A total of 450 healthy adults will be enrolled at sites in the US. The clinical sites are part of the National Institute of Allergy and Infectious Diseases (NIAID)-sponsored vaccine and treatment evaluation units (VTEU).
Sanofi Pasteur, part of Sanofi-Aventis, has manufactured the trial vaccine, which is an inactivated vaccine made from an H5N1 virus isolated in Southeast Asia in 2004. Sanofi Pasteur, formerly Aventis Pasteur, was awarded a contract by NIAID to manufacture the H5N1 vaccine in May 2004.
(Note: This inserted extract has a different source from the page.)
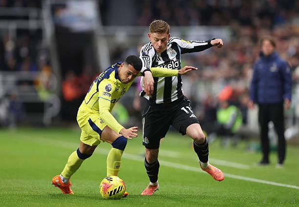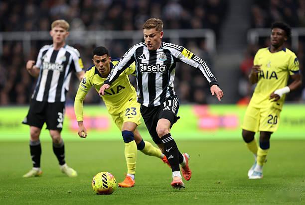 纽卡斯尔vs热刺 英超确实是一个非常强调身体对抗能力的联赛。热刺的身体对抗看着就比纽卡斯尔弱不少。我们印象里的乌拉圭球员都是狠角色吧?但本坦库尔根本扛不动巴恩斯。第17分钟,热刺中线附近的边线球,波罗与贝格瓦尔配合,贝格瓦尔身体对抗不行,球被断了;巴恩斯左路突破,本坦库尔的身体对抗能力太差了,巴恩斯传中,麦利弧顶发炮,球打得比较正,门将维卡里奥稳稳扑住。这巴恩斯确实壮实,波罗也扛不动他。

The phase I trial will test the vaccine’s safety and ability to generate an immune response in healthy adults aged 18 to 64. If the vaccine is shown to be safe in adults, there are plans to test it in other populations, such as the elderly and children.
“NIAID has supported research on H5N1, the strain responsible for this deadly form of avian influenza, since 1997 when the first cases in humans were reported. The initiation of this vaccine trial marks a key advance in our efforts to prepare to respond to an avian flu pandemic,” said NIAID director Dr Anthony Fauci.
In addition to the previous contract awarded to Sanofi Pasteur, in May 2004 NIAID also awarded a contract to Chiron Corporation to produce H5N1 vaccine for clinical trials.